Za nami pierwsze dni Wielkiego Postu. Ten darowany nam czas ma poruszyć nasze serca i sumienia i doprowadzić do nawrócenia. Nawrócić się to m.in. podjąć konieczną pokutę i zadośćuczynienie. Pokuta i zadośćuczynienie człowieka nawróconego nie zamknie się ani nie wyczerpie w modlitwie, lecz pójdzie dalej. Wielkopostny rachunek sumienia to także stawianie sobie trudnych i zawstydzających przed Bogiem (i sobą) pytań. Pytań o zło, które nadal żyje w drugim człowieku z naszej przyczyny. Ilu anonimowych alkoholików powinno konkretnie pomóc tym, z którymi kiedyś pili? Ilu mężczyzn winno zadać pytanie, jak teraz żyją kobiety, które zostały nakłonione przez nich do aborcji?
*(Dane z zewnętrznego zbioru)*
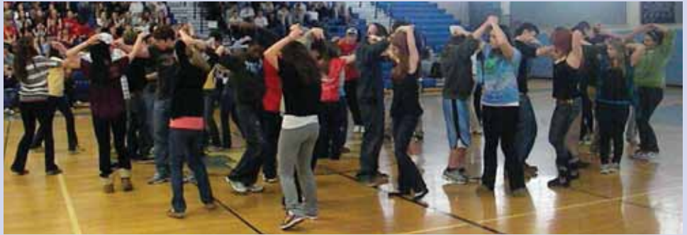
Sophomore Students during the Annual Golden Shoes Ballroom Dance Competition.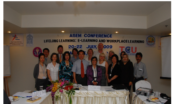
ASEM LLL Research Network 2 Preparatory Meeting for the Asia-Europe Workplace Learning Survey in July 2009, Bangkok, Thailand.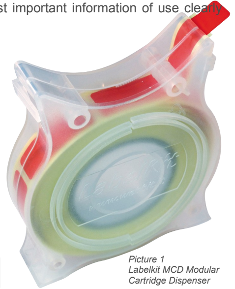
Picture 1 Labelkit MCD Modular Cartridge Dispenser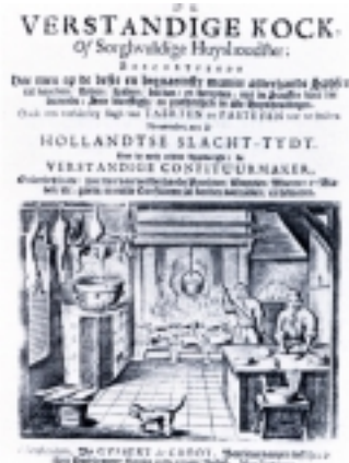
The cover of the original De Verstandige Kock (1683) reprinted from The Sensible Cook (1989) .

Taert(en) - a collective noun, indicating a baked good made from a short-crust dough containing a variety of mostly sweet, but sometimes savory fillings, resembling a tart, flan, patty, pie or pastry.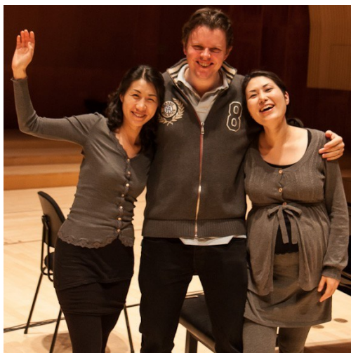
Trio Con Brio Copenhagen – 10 Nov

Trio con Brio Copenhagen , Stour Valley Arts and Music at East Bergholt Church, 4pm.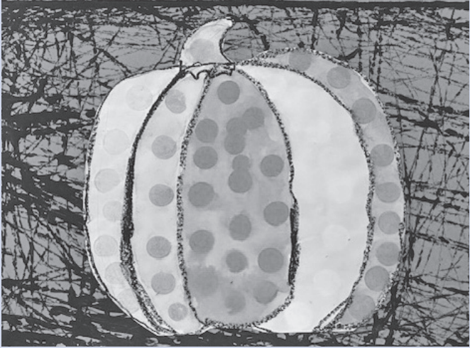
Dominic Paolucci, Grade 2

We continuously recruit substitute teachers, bus drivers, cleaners, and food service staff. Interested applicants should visit the HR Personnel page under the Departments and Services tab on the district website.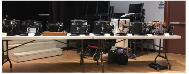
Our guild had 19 Featherweight machines displayed.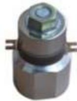
BJC-2850T -45SS PZT-4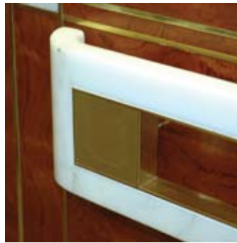
Detail of the White Marble Hand Rails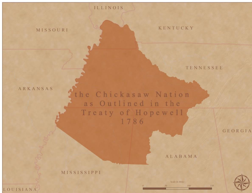
Figure 1: Map of Chickasaw Homelands as outlined in the Treaty of Hopewell 1786

We were a fierce, war-like tribe that originally resided in what is now northern Mississippi, northwestern Alabama, western Tennessee and western Kentucky. Many of our largest settlements were located near the cities of Tupelo, Miss.; Huntsville, Ala.; and Memphis, Tenn. Because of our skill in warfare, we were sometimes called the "Spartans of the lower Mississippi Valley." We even raised our male children much like the Spartans, teaching them military skills and acclimating them to pain and hardship at an early age. 1 The training must have been effective, as historical observers of our tribe often commented on our bravery and courage. A French governor of Louisiana once wrote that Chickasaws "breathe nothing but war and are unquestionably the bravest of the continent." 2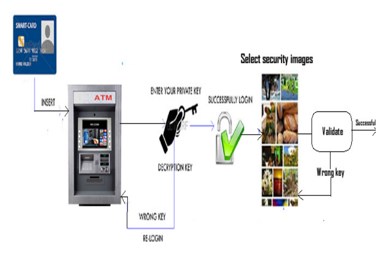
Figure 3.0: Architectural design of the proposed model

In order to overcome all the prior methods shortcomings, the objective of this paper is to propose a new algorithm based on the Recall-based scheme. The proposed model is to develop a Graphical Authentication System and a Text-based System of ATM Smart Card during Service Delivery. In this algorithm, users need enter their password then later tap their spots in their predetermined image in a sequence to be authenticated as shown in figure 3.0.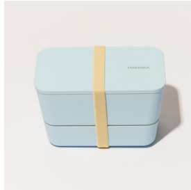
Ocean Breeze ▶ 2023 NEW 12-1805-34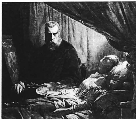
Figure 2. Léon Cogniet, Tintoretto peignant sa fille morte , 1843. Oil on Canvas, 143 x 163 cm. Bordeaux, Musée des Beaux-Arts.

And she adds: "Et la jeune femme pleura, car c'était un présage de mort." The last phrase is almost superfluous, as every reader of "The Oval Portrait" by Edgar Allan Poe already has a foreboding of her death. The following phrase only reinforces this prediction: "Depuis que Ling préférait les portraits que Wang-Fô faisait d'elle, son visage frémissait, comme la fleur en butte au vent chaud ou aux pluies d'été". The reader already feels a certain déjà vu : the hanging of Claude in Émile Zola's l'Oeuvre . And indeed this expectation will not be disappointed. In the next phrase we read "Un matin, on la trouva pendue aux branches du premier rose: les bouts de l'écharpe qui l'étranglait flottaient mêlés à sa chevelure". Reminiscence of Pelleas et Mélisande , of course, which will be repeated when the Imperial Hall was inundated by the magical water: "les tresses des courtisans submergés ondulaient à la surface comme des serpents, et la tête pâle de l'Empereur flottait comme un lotus".

Co robią ci, którzy z naszej winy np. zostali zwolnieni z pracy? Albo namówieni do kradzieży bądź malwersacji finansowych odbywają karę więzienia. Można by wymieniać jeszcze długo listę grzechów cudzych i wspólnoty zła.
Jednym ze źródeł mocy, która popycha człowieka do pomocy tym, z którymi kiedyś istniała wspólnota zła, jest świadomość tego, że bez ludzkiej i Bożej pomocy ta wspólnota nadal by żyła. Z grupy narkomanów tylko Mariusz spotkał dziewczynę, która pomogła mu zerwać z nałogiem i wejść na drogę wiary i pięknej, czystej miłości. Gdy piszę te słowa, mam przed oczyma Zenona, który odbywał karę więzienia, w którym pracowałem. Po nawróceniu wracał do tego samego więzienia i mówił swoim dawnym kolegom o Chrystusie, o wierze, modlitwie, także o wspólnocie Odnowy w Duchu Świętym, której zawdzięczał ogromnie dużo. Zapewne pamiętamy biblijnego Zacheusza, który zapewniał Pana Jezusa: "Panie, oto połowę mego majątku daję ubogim, a jeśli kogo w czym skrzywdziłem, zwracam poczwórnie" (Łk 19,8).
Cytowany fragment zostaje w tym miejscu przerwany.